Invented by the French artist and photographer Louis-Jacques-Mandé Daguerre (18 November 1787 – 10 July 1851), this process, also known as daguerreotypy, was the first publicly available photographic process. For nearly twenty years it was also the one most commonly used technique. By 1852, he was apprenticed to the famous American inventor and early photographer John Adams Whipple (September 10, 1822 – April 10, 1891). Whipple was the first in the United States to manufacture the chemicals used for daguerreotypes.

Whipple was also a pioneer of astronomical and night photography. He was a prize-winner for his extraordinary early photographs of the moon; and he was the first to produce images of stars other than the sun (the star Vega and the Mizar-Alcor stellar sextuple system, which was thought to be a double star until 2009).

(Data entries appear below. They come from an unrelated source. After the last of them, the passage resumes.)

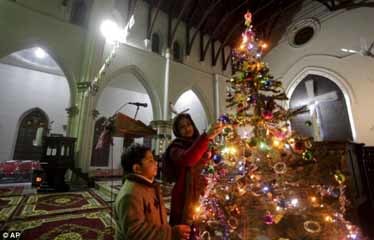 14. 2 mẹ con đang trang trí cây thông Noel tại một nhà thờ công giáo ở Peshawar, Pakistan.
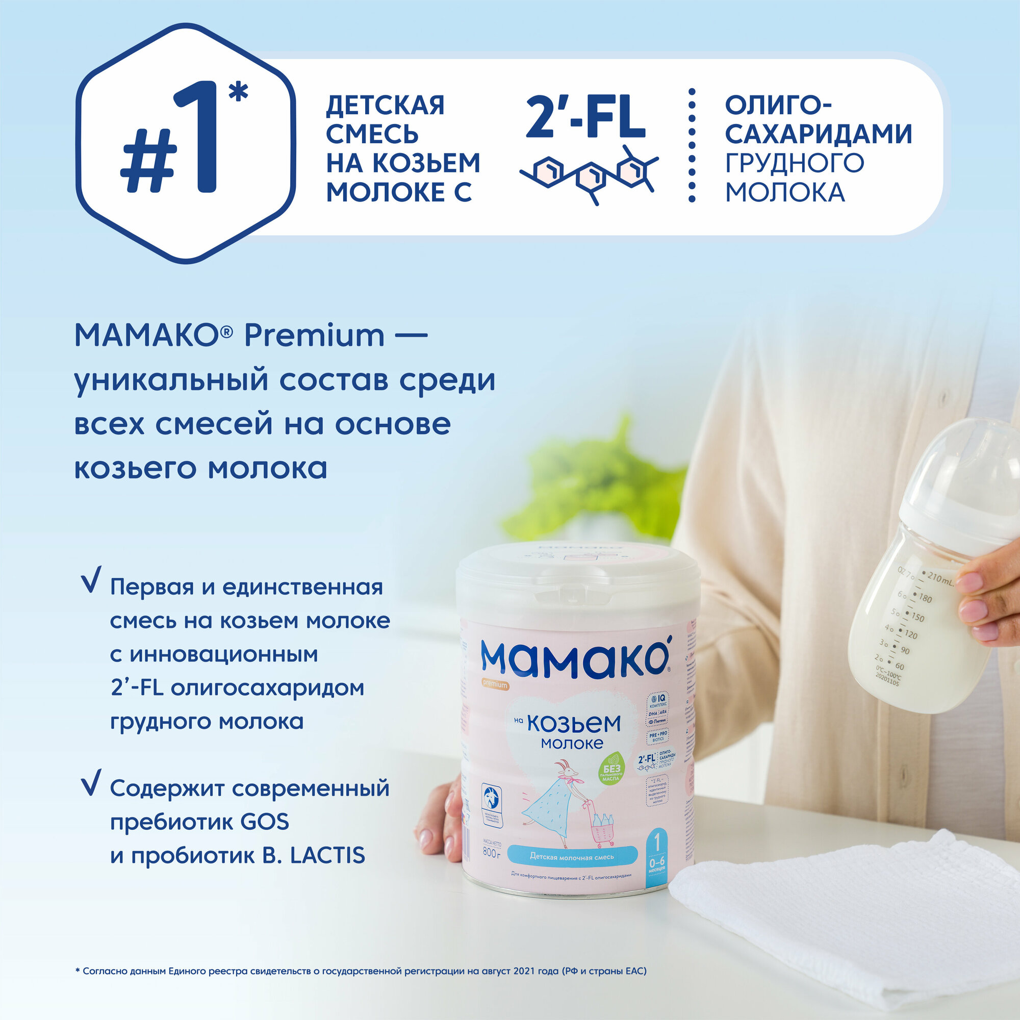 Мамако 1 Премиум - мол. смесь на основе козьего молока с олигосахаридами грудного молока , 0-6 мес., 800 г
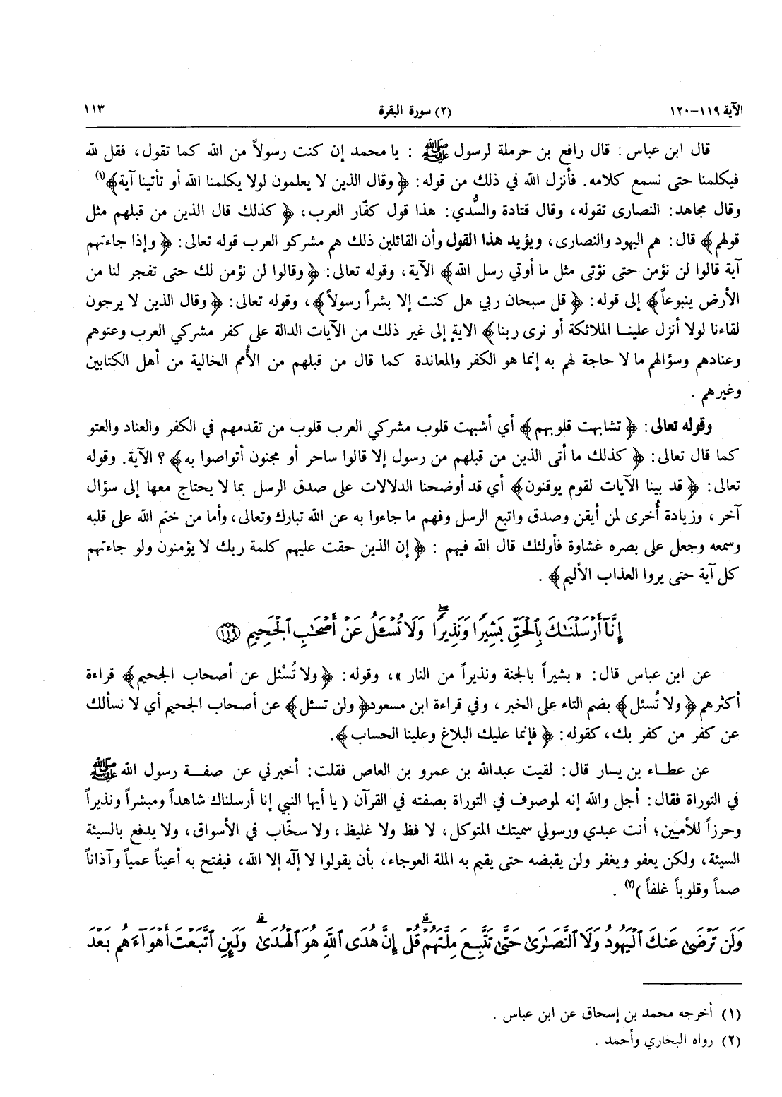 - 119 - إِنَّآ أَرْسَلْنَاكَ بِالْحَقِّ بَشِيرًا وَنَذِيرًا وَلاَ تُسْأَلُ عَنْ أصحاب الجحيم
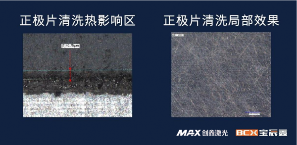 在清洗與(yu) 表麵處理上,MOPA 500-2000W脈衝(chong) 單模激光器展現出獨特的優(you) 勢,它可以進行極片清洗、藍膜(漆)清洗、電池極柱/注液孔清洗、電池鋁殼清洗等。無論哪一道工藝對激光技術的應用都有著嚴(yan) 格的要求,寶辰鑫激光對每一種材料、工藝進行了深入研究與(yu) 反複試驗,有針對性地對每種工藝進行開發,並得到認證:
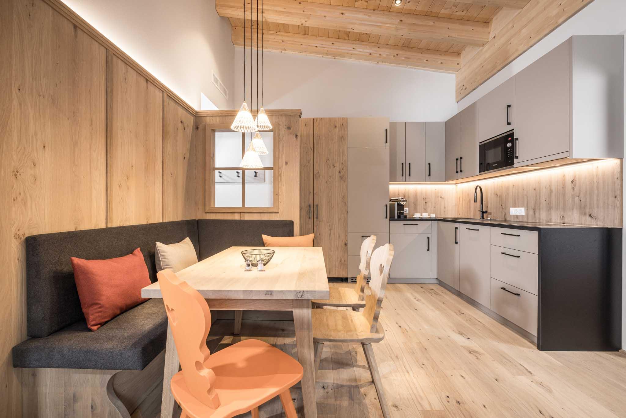 68 m², Master-Schlafzimmer mit Bad inklusive freistehender Badewanne und direktem Zugang zur Terrasse/Balkon mit bequemen Sitzgelegenheiten, weiteres King Size-Schlafzimmer, weiteres Bad mit separater Toilette, großzügiger Wohnraum mit Wohnküche, gemütlichem Essbereich und Wohnzimmer, komfortables Schlafsofa, The Flame™ Kaminfeuer für entspannte Stunden, Weinkühlschrank, Premium Vollausstattung mit hochwertiger Küche: Induktionsherd, Mikrowelle, Geschirrspüler, Kühl- und Gefrierschrank, Kaffeemaschine, Wasserkocher, weitere Geräte, Essbereich „Tiroler Eck“ zum gemütlichen Zusammensitzen, Flat-Screen TV in jedem Zimmer, High-Speed Internetverbindung, En-Suite Badezimmer mit Dusche und WC, Stellplätze in der Tiefgarage mit E-Ladestationen (First come, first serve)
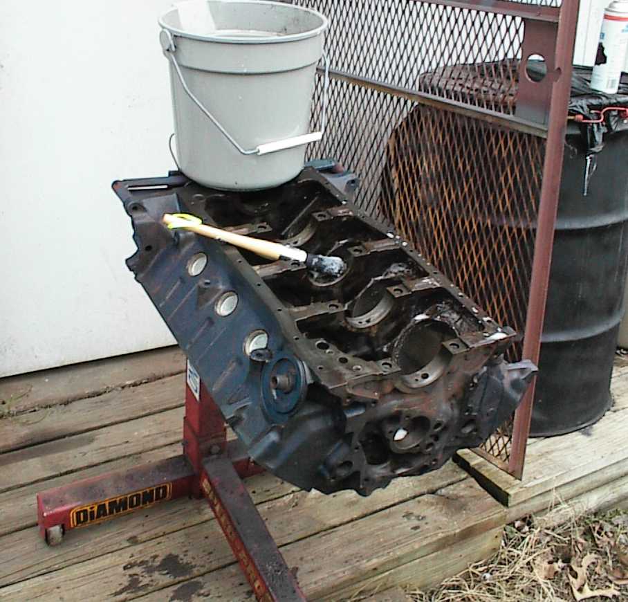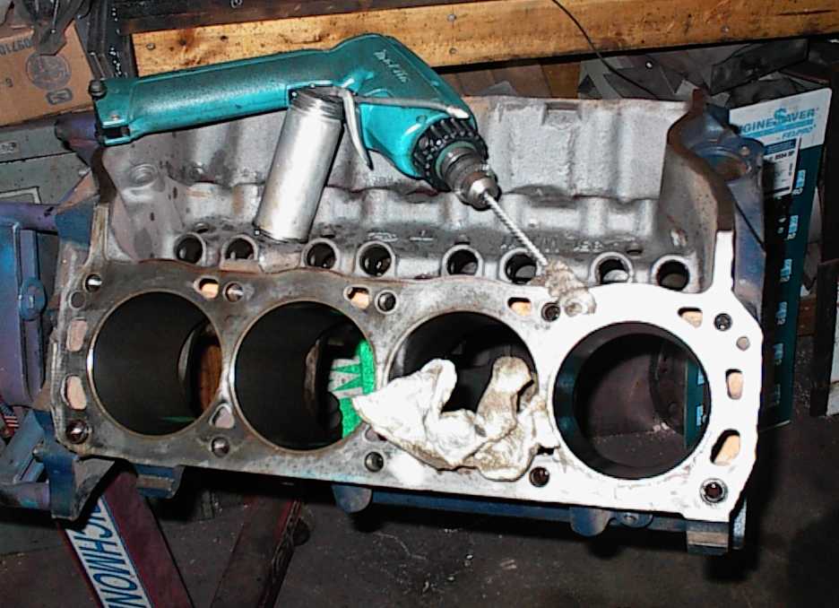Abrasive brush cleans up the lifter bores and deburrs the edges of the oil
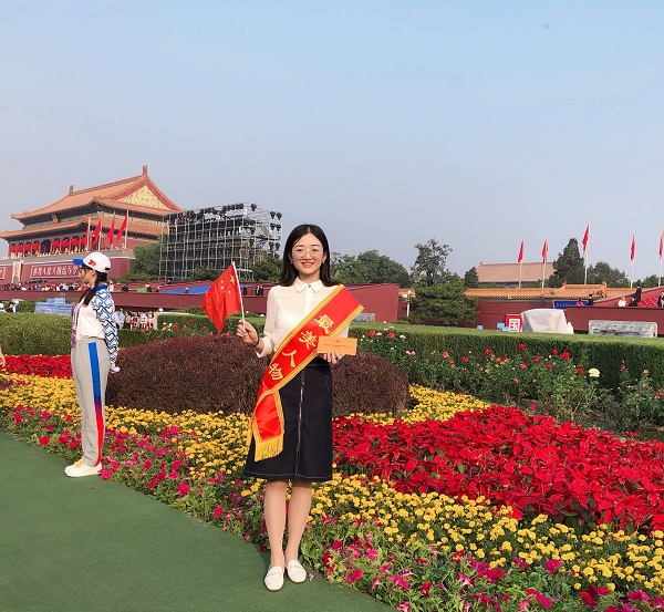 刘燚老师首先对自己能作为代表赴京观礼表示荣幸,讲述了在北京天安门广场通过观礼所亲眼见证到的当今祖国崭新风貌所和各族各界人民群众蓬勃激情,表达了心中的喜悦之情。她结合习近平总书记在庆祝中华人民共和国成立70周年大会上的讲话中所指出的“中国的昨天已经写在人类的史册上,中国的今天正在亿万人民手中创造,中国的明天必将更加美好”,谈到了作为一名新时代青年科研工作者的时代使命。那就是要坚持以习近平新时代中国特色社会主义思想为指导,坚定目标、立足长远、脚踏实地,挥洒青春汗水,奋力抒写华章,勇做科研排头兵,为实现中华民族伟大复兴贡献力量。
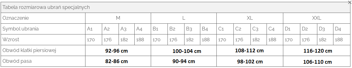 we wszystkich trzech kategoriach normy europejskiej EN 469:2005+A1:2006+AC:2006 i EN ISO
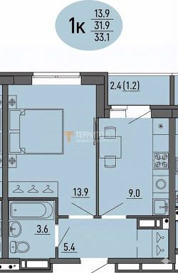 Продуманная планировка (33,1 м²). Просторная кухня (9 м²). В прихожей (5,4 м²) уже предусмотрена ниша под гардеробную — забудьте о громоздких шкафах в комнате!Застеклённый балкон для утреннего кофе.
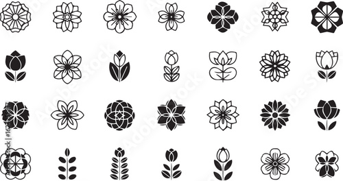 floral, flower, icon, vector, illustration, flat, design, black, white, isolated, transparent, background, set, collection, nature, plant, blossom, leaf, graphic, element, simple, clean, decorative, ornamental, symbol, logotype, pattern, abstract, geometric, modern, minimalist, artistic, stylised, shape, outline, art, drawing, botanical, garden, spring, summer, flourish, swirl, line, organic
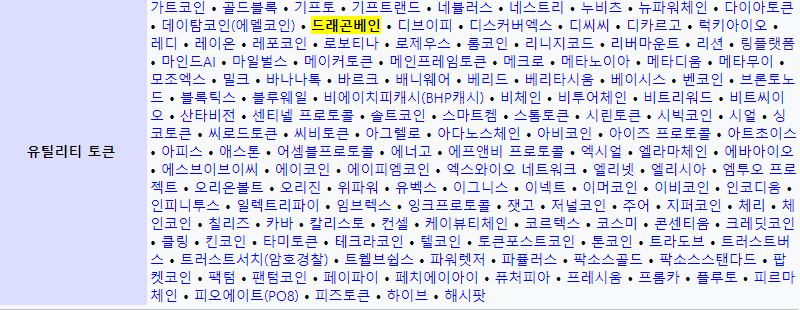 드래곤베인은 아래 코인들과 같이 유틸리티형 토큰에 포함됩니다.
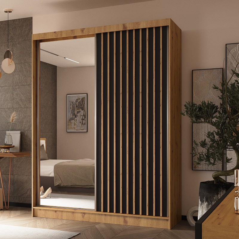 Szafa Przesuwna LAMELLO 160 cm z Lustrem Szafa Dwudrzwiowa Dąb artisan
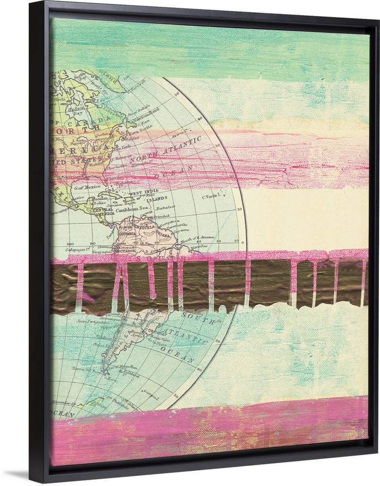 <p>Mixed media artwork with a world map and geometric painted shapes.</p>
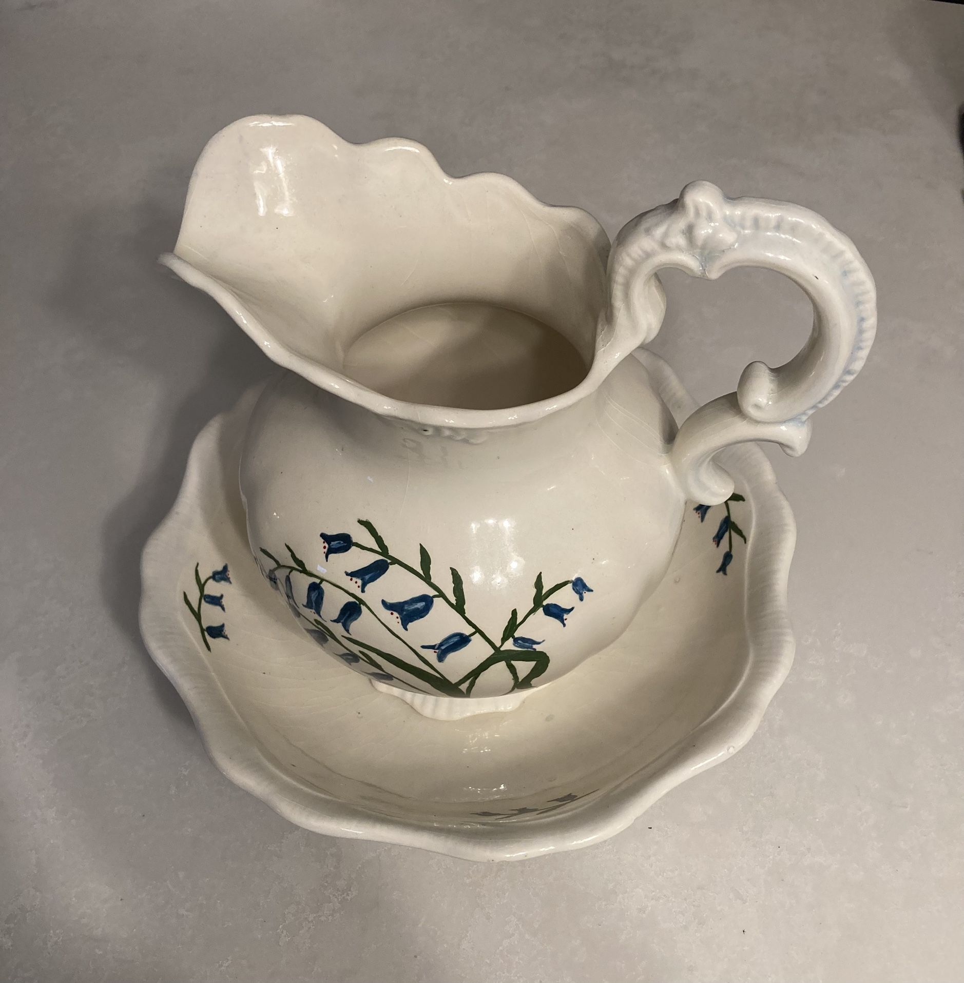 Will meet 3619 Pelham Rd Greenville SC (Lowes Foods) Cash only 1977 Vintage Pitcher and Basin set Bluebell pattern hand painted $15 obo
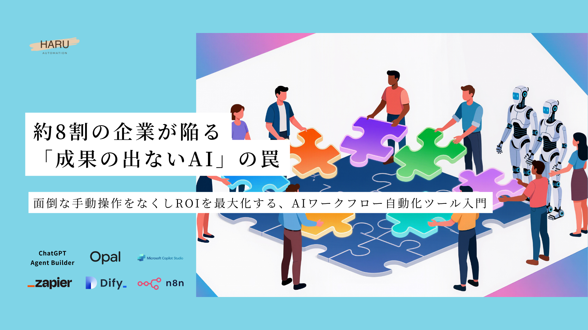 AIと各種自動化ツールを組み合わせ、人の手で行っていた業務の自動化を支援するHaru Automationを提供する株式会社Haru(本社:東京都港区、代表:尾形拓海)は、「面倒な手動操作をなくしROIを最大化する、AIワークフロー自動化ツール入門」を題材としたホワイトペーパーを本日、無料公開しました。
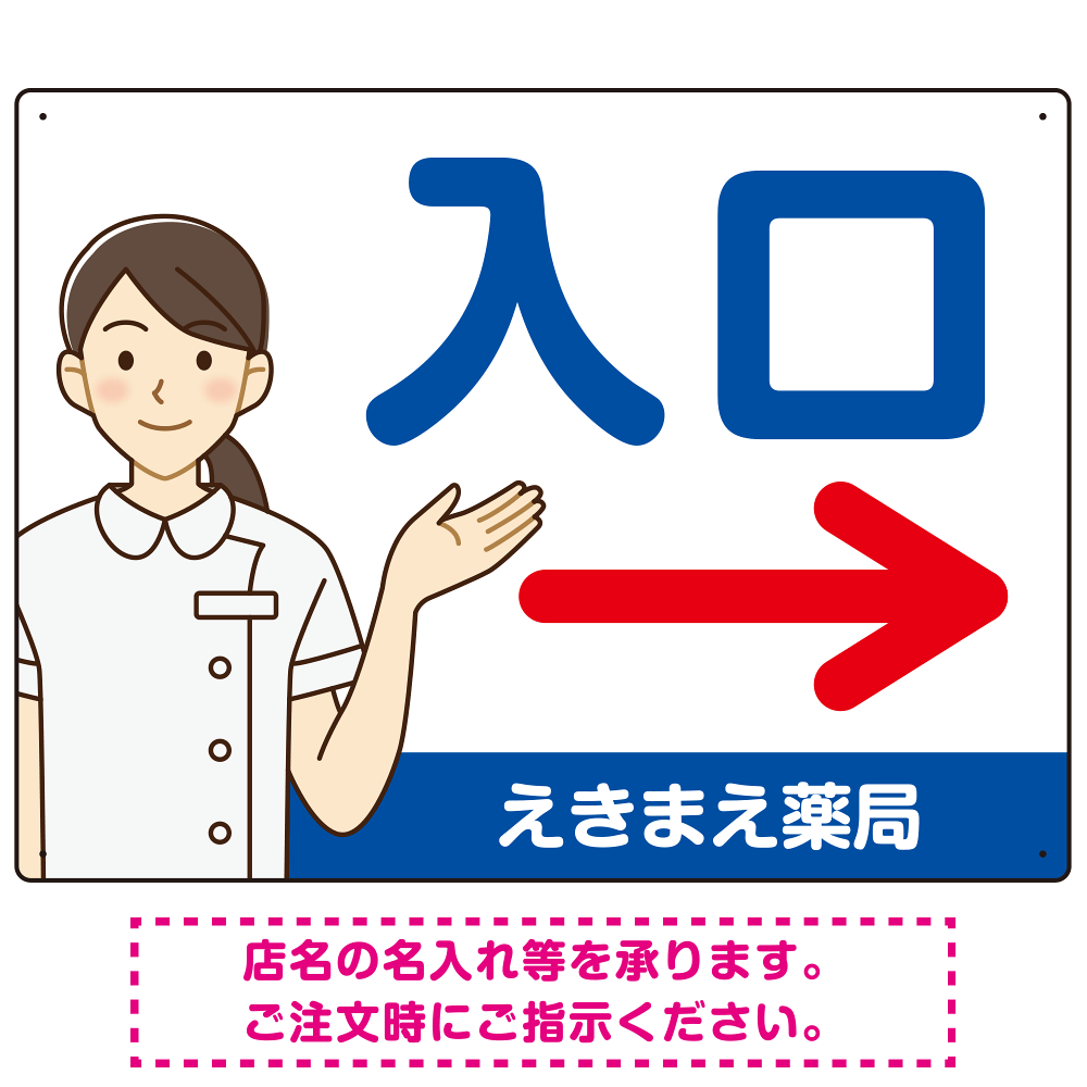 - 白衣を着た女性のイラストがアイキャッチ効果を高める薬局向きの入口案内プレート看板。
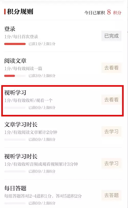 每有效收听一个音频或观看一个视频积1分,每日上限积6分。
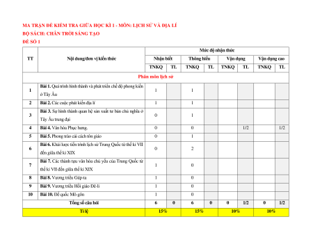 Bài 10. Đế quốc Mô-gôn 1 0 Tổng số câu hỏi 6 0 6 0 0 1/2 0 1/2 Tỉ lệ 15% 15% 10% 10% Phân môn Địa lí 1 Thiên nhiên châu Âu 3 3 2
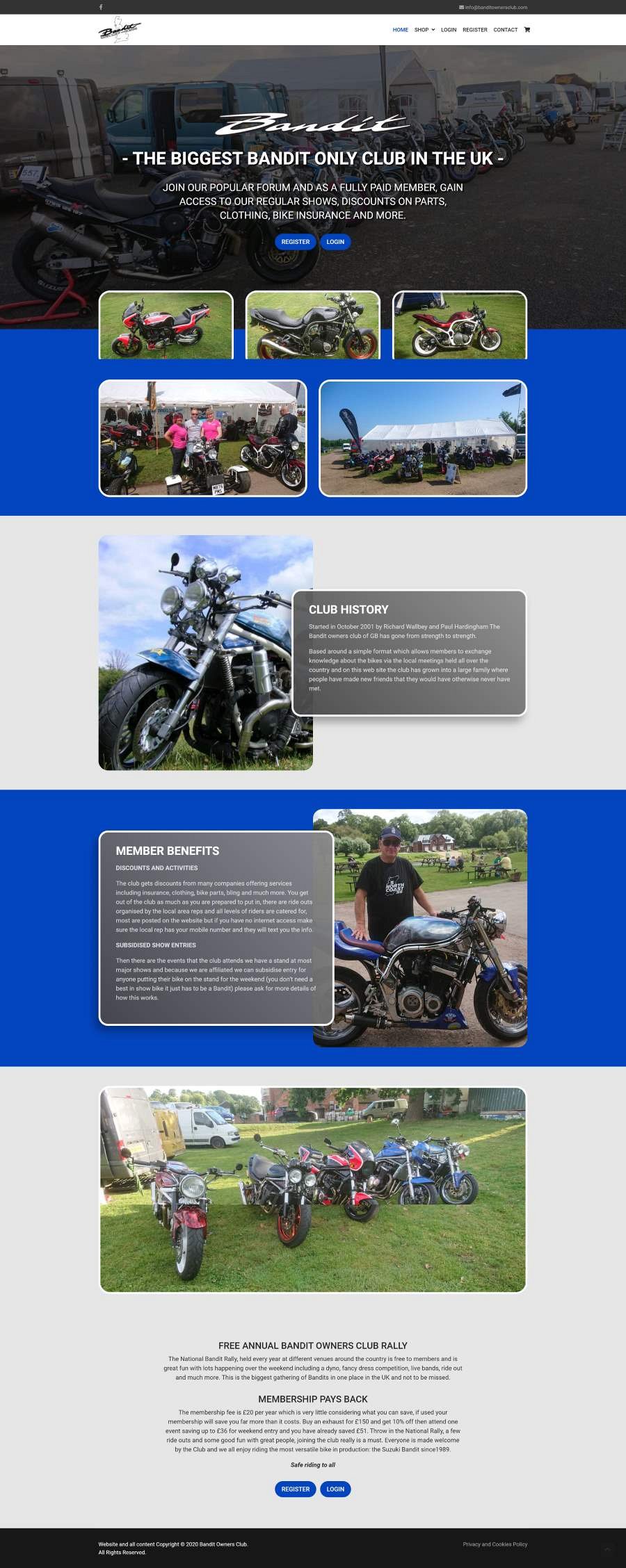 Final work included creating an online shop and a range of informational pages for the club. Free members require access approval by the website owners - they can then choose to pay an annual subscription which automatically gives them full forum access.

So, between 1857 and 1860, Black managed the business single-handedly, while Whipple completed a three-year scientific exploration of celestial bodies at the Harvard College Observatory. Black was not so interested in astronomy, and in general, abstract science. He left Whipple in 1859 to focus the camera on his own planet. And in 1860, he took the famous image above, the first clear aerial image of a city anywhere, and also the oldest surviving aerial photo.

James Wallace Black
 James Wallace Black. Image: Wikipedia.

He later became the authority on the use of the magic lantern, a candlelight-powered projector that was a predecessor of today’s slide projectors. By the late 1870s Black’s business largely consisted of lantern slide production, including his famous images of the Great Boston Fire of 1872, published a photographic album titled Ruins of the Great Fire in Boston, November 1872.

It was Boston’s largest fire and still ranks as one of the most costly fire-related property losses in American history. In twelve hours, the flames had consumed about 65 acres (26 ha) of Boston’s downtown, 776 buildings, and much of the financial district, and caused $73.5 million in damage. Fortunately, only thirteen people died during the devastating fire.

James Wallace Black died on January 5, 1896 and was buried in Mount Auburn Cemetery in Cambridge, Massachusetts.